■ Extracted material:
..............................

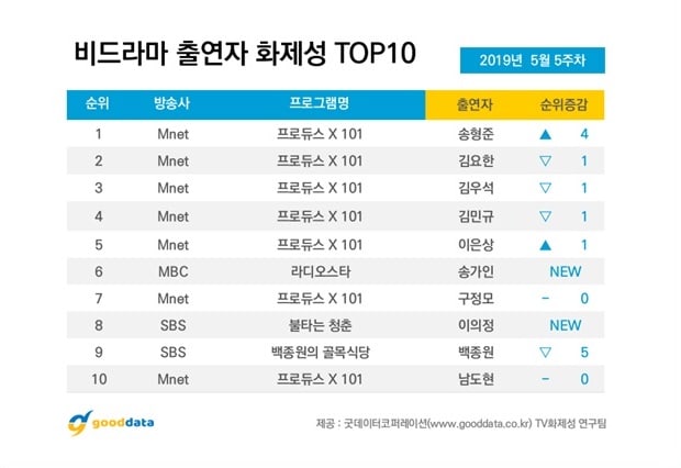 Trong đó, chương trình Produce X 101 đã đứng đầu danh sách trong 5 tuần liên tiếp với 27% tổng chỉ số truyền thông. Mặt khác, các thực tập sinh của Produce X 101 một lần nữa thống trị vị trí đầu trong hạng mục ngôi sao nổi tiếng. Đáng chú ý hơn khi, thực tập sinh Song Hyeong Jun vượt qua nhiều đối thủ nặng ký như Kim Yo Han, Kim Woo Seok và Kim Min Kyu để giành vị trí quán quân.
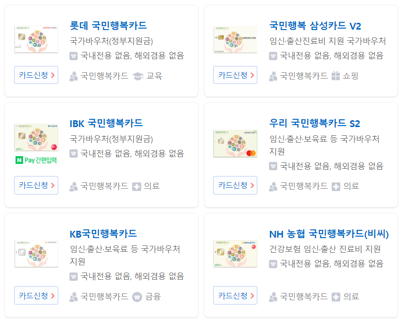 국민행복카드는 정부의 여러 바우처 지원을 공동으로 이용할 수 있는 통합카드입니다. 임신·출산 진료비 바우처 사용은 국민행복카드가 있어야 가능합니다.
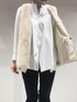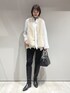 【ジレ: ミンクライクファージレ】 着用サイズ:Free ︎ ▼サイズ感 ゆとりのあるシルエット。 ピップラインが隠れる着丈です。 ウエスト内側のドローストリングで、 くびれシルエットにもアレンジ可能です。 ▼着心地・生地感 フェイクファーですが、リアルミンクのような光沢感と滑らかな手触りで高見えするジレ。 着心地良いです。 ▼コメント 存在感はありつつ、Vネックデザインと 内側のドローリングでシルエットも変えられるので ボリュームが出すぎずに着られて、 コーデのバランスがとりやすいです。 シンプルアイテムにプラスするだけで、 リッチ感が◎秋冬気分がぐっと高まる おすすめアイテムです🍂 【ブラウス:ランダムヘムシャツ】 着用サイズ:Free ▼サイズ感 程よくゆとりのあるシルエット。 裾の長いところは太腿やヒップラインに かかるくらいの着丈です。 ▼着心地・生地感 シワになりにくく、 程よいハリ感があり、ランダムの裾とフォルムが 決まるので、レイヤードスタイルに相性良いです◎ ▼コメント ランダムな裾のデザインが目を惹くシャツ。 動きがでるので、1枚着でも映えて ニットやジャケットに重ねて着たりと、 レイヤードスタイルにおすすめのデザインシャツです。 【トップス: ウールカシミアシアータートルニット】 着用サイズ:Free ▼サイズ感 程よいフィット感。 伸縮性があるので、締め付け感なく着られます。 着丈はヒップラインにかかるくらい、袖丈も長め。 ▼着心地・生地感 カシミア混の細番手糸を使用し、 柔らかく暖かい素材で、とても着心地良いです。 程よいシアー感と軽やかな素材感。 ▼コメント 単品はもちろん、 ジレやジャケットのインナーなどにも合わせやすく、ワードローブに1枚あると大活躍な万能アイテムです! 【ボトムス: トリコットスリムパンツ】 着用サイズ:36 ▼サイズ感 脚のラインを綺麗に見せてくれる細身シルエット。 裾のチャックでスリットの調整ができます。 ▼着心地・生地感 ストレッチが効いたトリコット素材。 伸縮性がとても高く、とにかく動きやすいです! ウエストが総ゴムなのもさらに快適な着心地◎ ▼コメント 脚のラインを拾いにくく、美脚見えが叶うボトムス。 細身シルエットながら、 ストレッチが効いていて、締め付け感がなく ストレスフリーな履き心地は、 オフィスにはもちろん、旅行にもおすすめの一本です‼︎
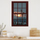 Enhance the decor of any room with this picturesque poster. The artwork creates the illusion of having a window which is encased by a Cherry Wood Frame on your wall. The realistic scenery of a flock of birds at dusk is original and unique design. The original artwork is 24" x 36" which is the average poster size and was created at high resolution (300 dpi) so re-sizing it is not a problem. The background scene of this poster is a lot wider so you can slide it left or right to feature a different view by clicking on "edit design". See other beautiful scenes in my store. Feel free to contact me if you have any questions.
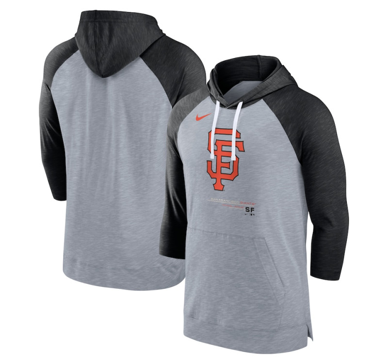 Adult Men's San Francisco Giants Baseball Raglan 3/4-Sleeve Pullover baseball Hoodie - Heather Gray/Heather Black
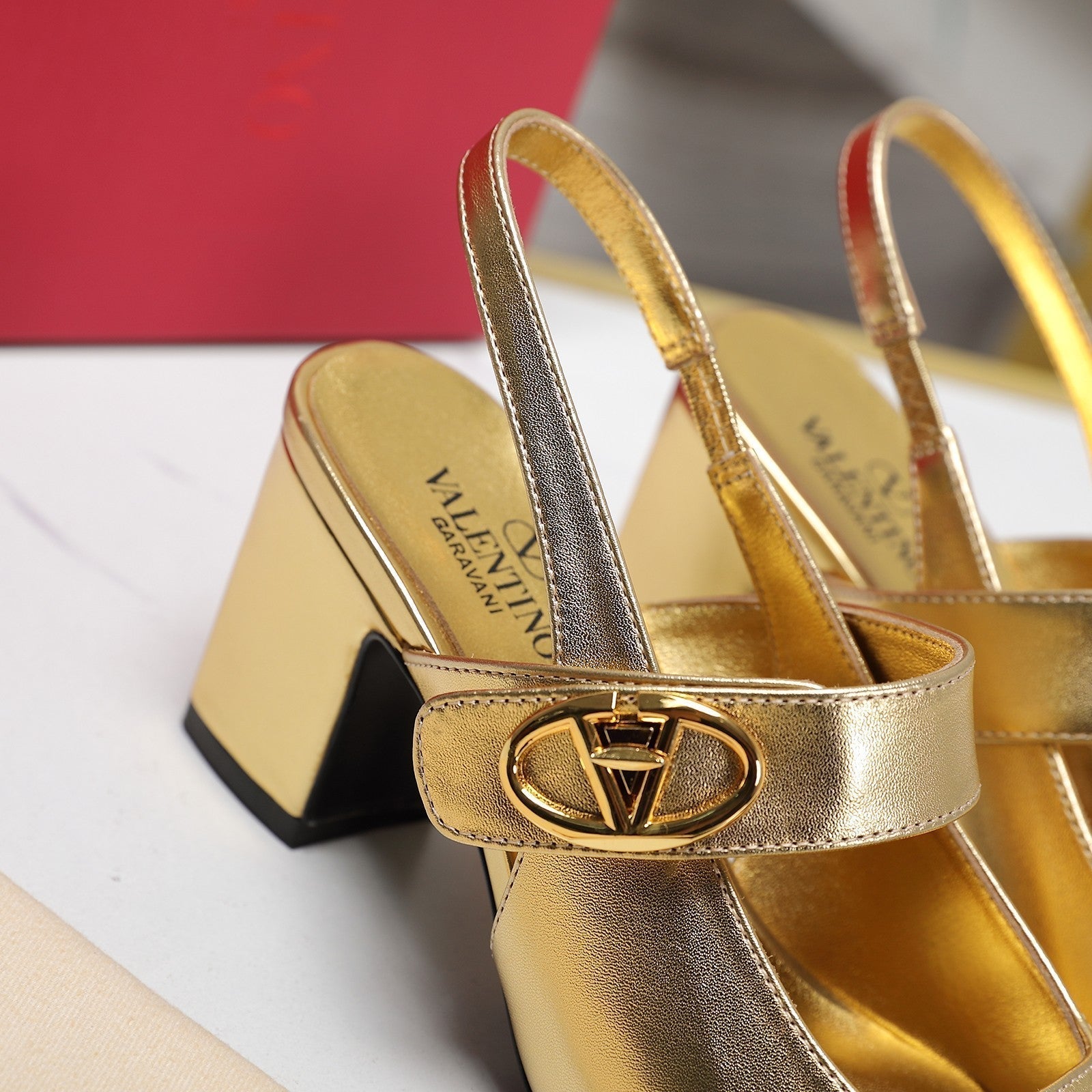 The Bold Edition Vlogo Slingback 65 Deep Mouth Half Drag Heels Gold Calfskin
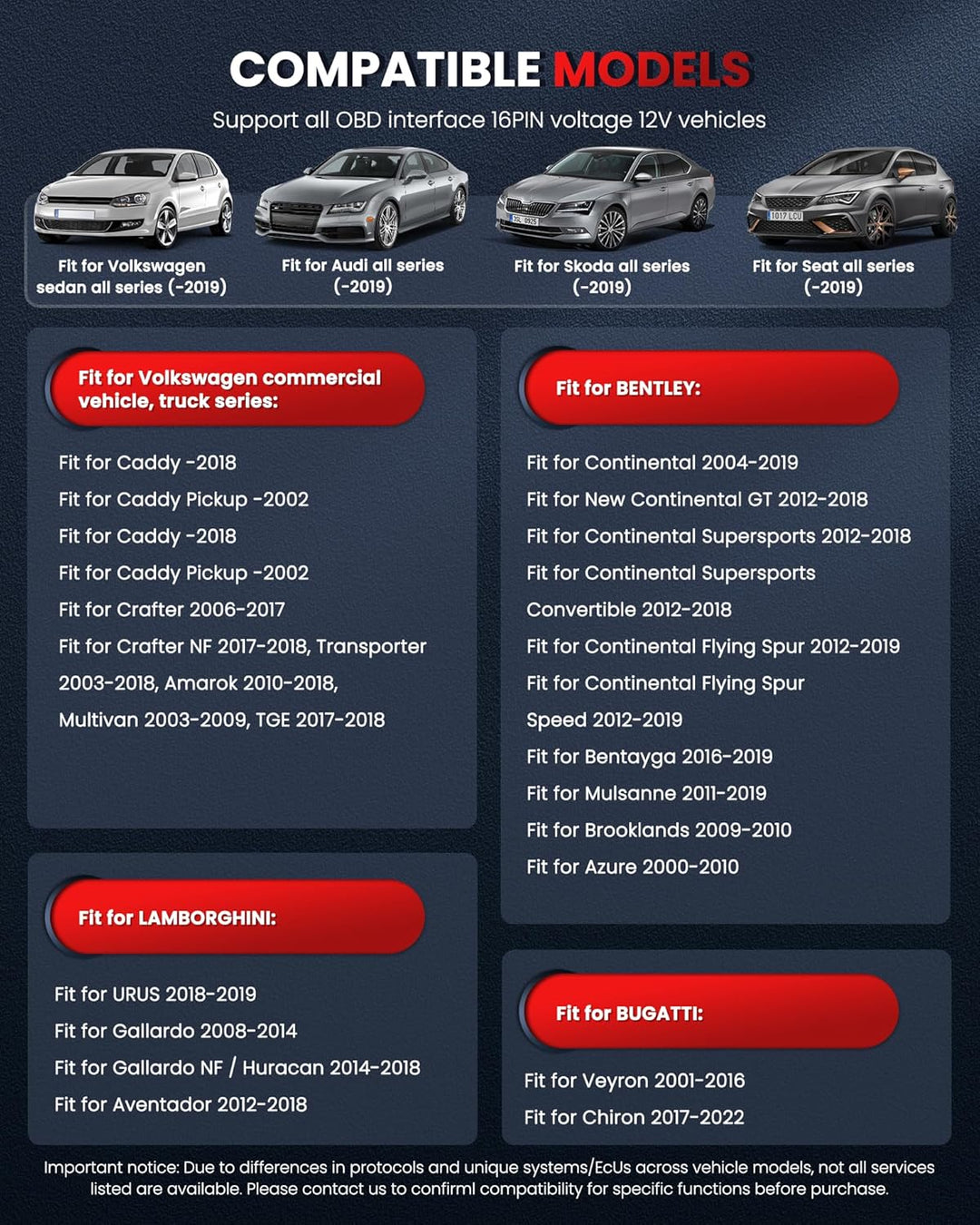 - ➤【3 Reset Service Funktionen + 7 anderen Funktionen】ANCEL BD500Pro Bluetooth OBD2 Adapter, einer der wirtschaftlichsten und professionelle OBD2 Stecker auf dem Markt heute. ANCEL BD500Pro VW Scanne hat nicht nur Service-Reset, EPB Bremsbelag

..............................

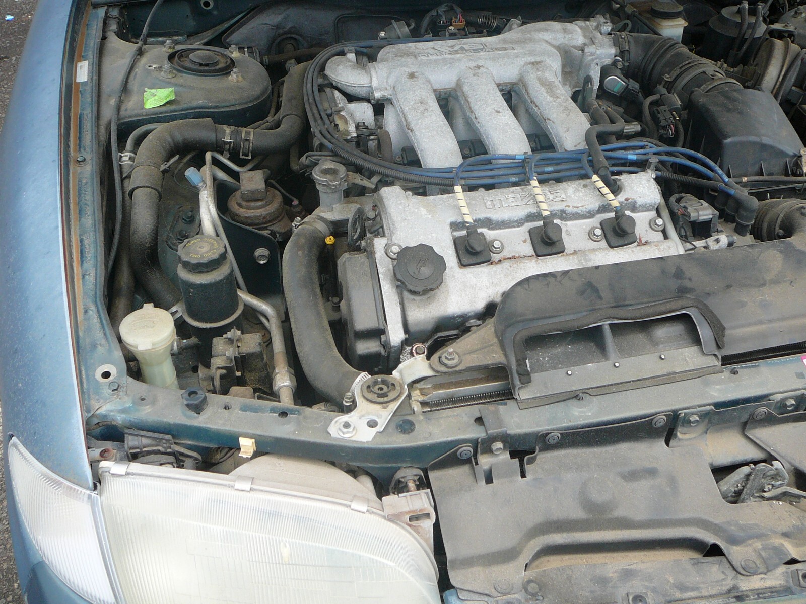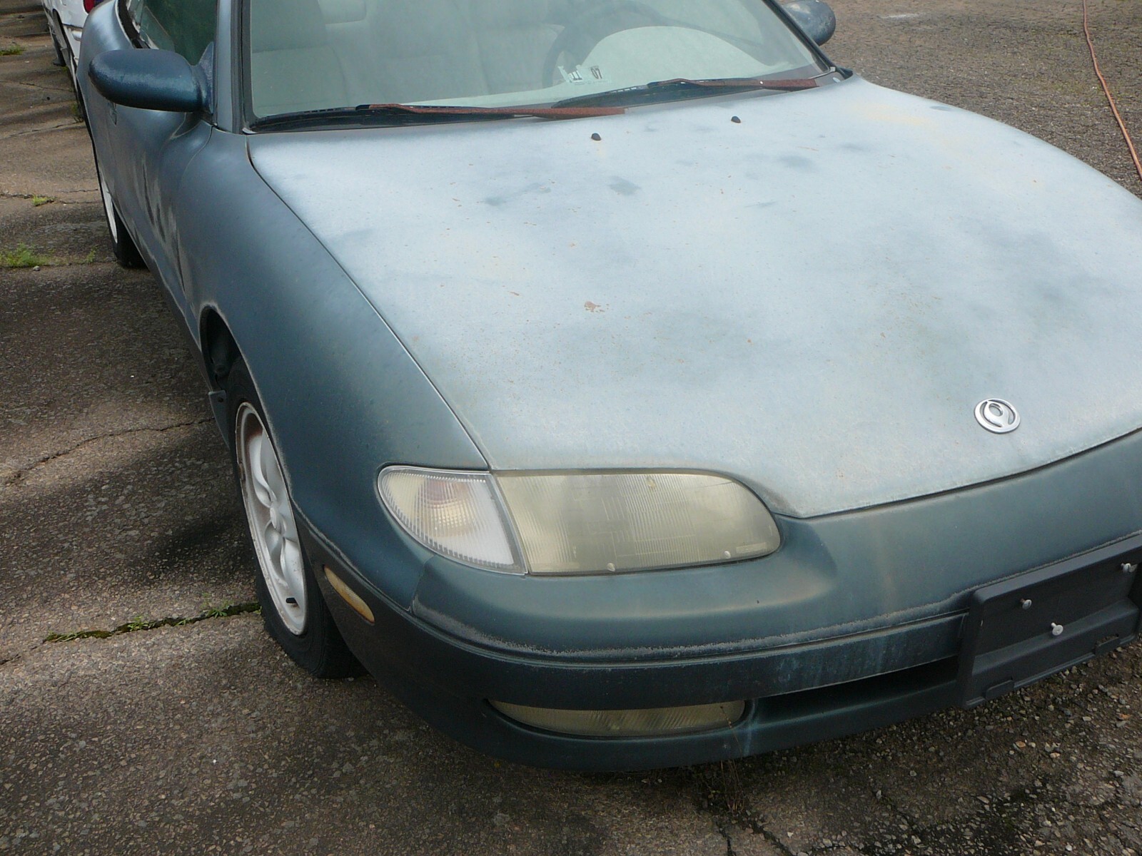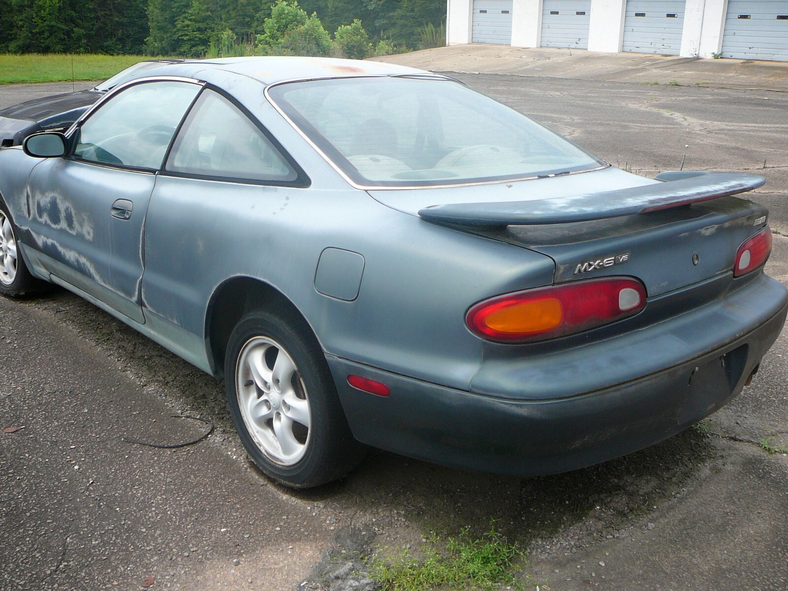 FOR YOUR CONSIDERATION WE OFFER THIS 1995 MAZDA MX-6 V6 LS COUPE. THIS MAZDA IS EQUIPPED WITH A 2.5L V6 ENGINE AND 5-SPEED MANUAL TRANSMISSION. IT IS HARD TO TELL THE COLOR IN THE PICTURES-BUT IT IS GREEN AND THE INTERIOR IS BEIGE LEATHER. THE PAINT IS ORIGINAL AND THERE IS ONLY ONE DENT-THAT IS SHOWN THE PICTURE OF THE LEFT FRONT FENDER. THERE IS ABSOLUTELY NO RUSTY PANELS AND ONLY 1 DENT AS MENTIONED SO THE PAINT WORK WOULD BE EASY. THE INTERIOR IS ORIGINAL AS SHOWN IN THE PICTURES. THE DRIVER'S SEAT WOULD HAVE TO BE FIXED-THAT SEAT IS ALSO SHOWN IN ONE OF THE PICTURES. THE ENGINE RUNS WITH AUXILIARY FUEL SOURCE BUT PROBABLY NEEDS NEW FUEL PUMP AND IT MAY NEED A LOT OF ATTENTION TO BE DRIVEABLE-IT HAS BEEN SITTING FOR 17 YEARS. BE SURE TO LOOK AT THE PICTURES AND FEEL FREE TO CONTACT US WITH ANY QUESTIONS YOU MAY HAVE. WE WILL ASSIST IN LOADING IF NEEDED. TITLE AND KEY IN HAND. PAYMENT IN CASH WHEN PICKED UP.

..............................

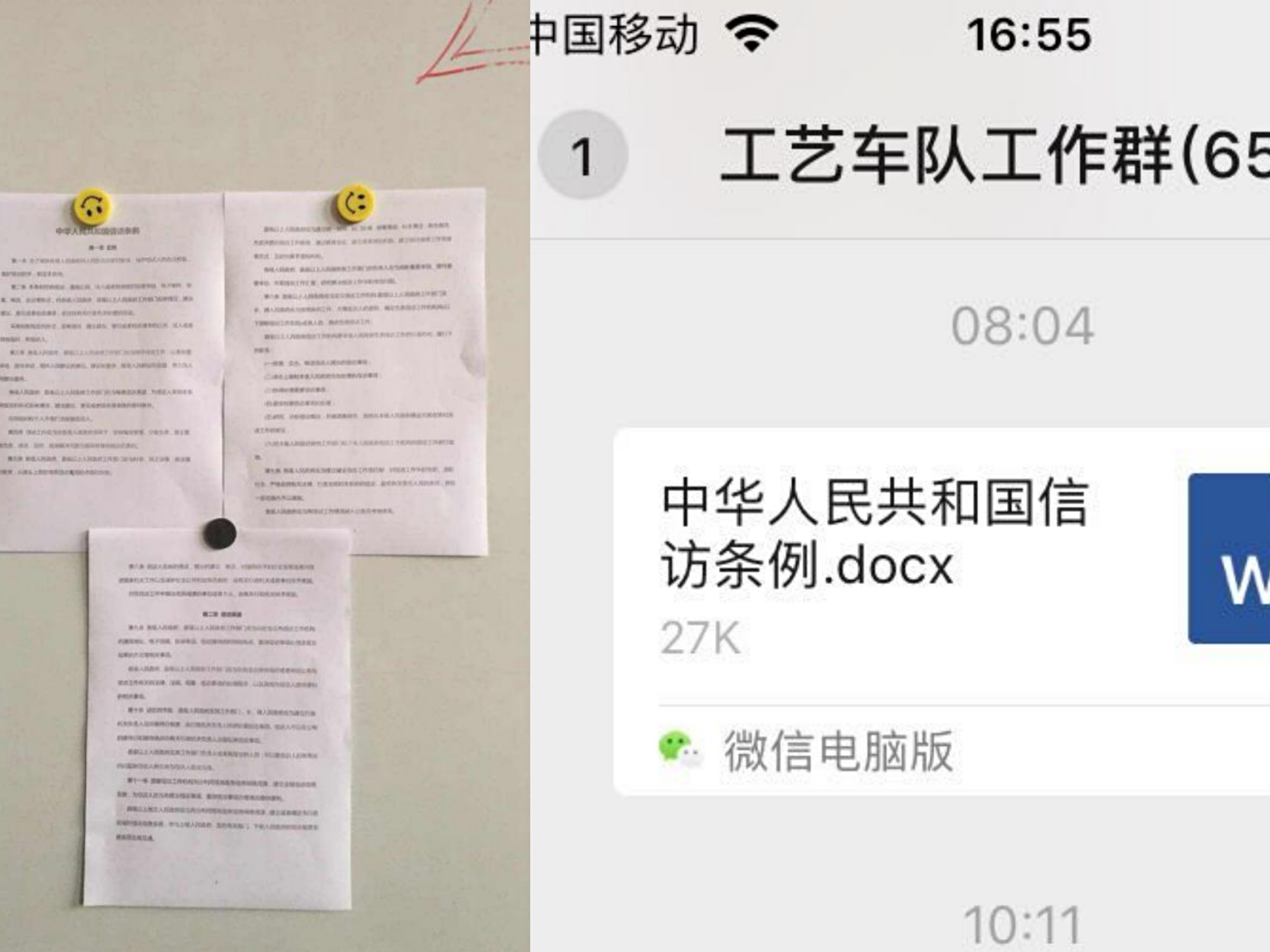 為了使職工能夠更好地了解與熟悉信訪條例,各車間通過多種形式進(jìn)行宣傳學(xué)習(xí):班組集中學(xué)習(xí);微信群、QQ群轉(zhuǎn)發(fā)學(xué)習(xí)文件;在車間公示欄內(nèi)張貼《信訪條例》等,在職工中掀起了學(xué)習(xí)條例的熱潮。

..............................

■ Your assignment: Only the lines above starting with the line with "Trong đó, chương" and going on through the line with "ストレッチが効いていて、締め付け感がなく ストレスフリーな履き心地は、 オフィスにはもちろん、旅行にもおすすめの一本です‼︎" belong in the answer; repeat them exactly, minus any picture.

■ Solution to the exercise:
 Trong đó, chương trình Produce X 101 đã đứng đầu danh sách trong 5 tuần liên tiếp với 27% tổng chỉ số truyền thông. Mặt khác, các thực tập sinh của Produce X 101 một lần nữa thống trị vị trí đầu trong hạng mục ngôi sao nổi tiếng. Đáng chú ý hơn khi, thực tập sinh Song Hyeong Jun vượt qua nhiều đối thủ nặng ký như Kim Yo Han, Kim Woo Seok và Kim Min Kyu để giành vị trí quán quân.
 국민행복카드는 정부의 여러 바우처 지원을 공동으로 이용할 수 있는 통합카드입니다. 임신·출산 진료비 바우처 사용은 국민행복카드가 있어야 가능합니다.
 【ジレ: ミンクライクファージレ】 着用サイズ:Free ︎ ▼サイズ感 ゆとりのあるシルエット。 ピップラインが隠れる着丈です。 ウエスト内側のドローストリングで、 くびれシルエットにもアレンジ可能です。 ▼着心地・生地感 フェイクファーですが、リアルミンクのような光沢感と滑らかな手触りで高見えするジレ。 着心地良いです。 ▼コメント 存在感はありつつ、Vネックデザインと 内側のドローリングでシルエットも変えられるので ボリュームが出すぎずに着られて、 コーデのバランスがとりやすいです。 シンプルアイテムにプラスするだけで、 リッチ感が◎秋冬気分がぐっと高まる おすすめアイテムです🍂 【ブラウス:ランダムヘムシャツ】 着用サイズ:Free ▼サイズ感 程よくゆとりのあるシルエット。 裾の長いところは太腿やヒップラインに かかるくらいの着丈です。 ▼着心地・生地感 シワになりにくく、 程よいハリ感があり、ランダムの裾とフォルムが 決まるので、レイヤードスタイルに相性良いです◎ ▼コメント ランダムな裾のデザインが目を惹くシャツ。 動きがでるので、1枚着でも映えて ニットやジャケットに重ねて着たりと、 レイヤードスタイルにおすすめのデザインシャツです。 【トップス: ウールカシミアシアータートルニット】 着用サイズ:Free ▼サイズ感 程よいフィット感。 伸縮性があるので、締め付け感なく着られます。 着丈はヒップラインにかかるくらい、袖丈も長め。 ▼着心地・生地感 カシミア混の細番手糸を使用し、 柔らかく暖かい素材で、とても着心地良いです。 程よいシアー感と軽やかな素材感。 ▼コメント 単品はもちろん、 ジレやジャケットのインナーなどにも合わせやすく、ワードローブに1枚あると大活躍な万能アイテムです! 【ボトムス: トリコットスリムパンツ】 着用サイズ:36 ▼サイズ感 脚のラインを綺麗に見せてくれる細身シルエット。 裾のチャックでスリットの調整ができます。 ▼着心地・生地感 ストレッチが効いたトリコット素材。 伸縮性がとても高く、とにかく動きやすいです! ウエストが総ゴムなのもさらに快適な着心地◎ ▼コメント 脚のラインを拾いにくく、美脚見えが叶うボトムス。 細身シルエットながら、 ストレッチが効いていて、締め付け感がなく ストレスフリーな履き心地は、 オフィスにはもちろん、旅行にもおすすめの一本です‼︎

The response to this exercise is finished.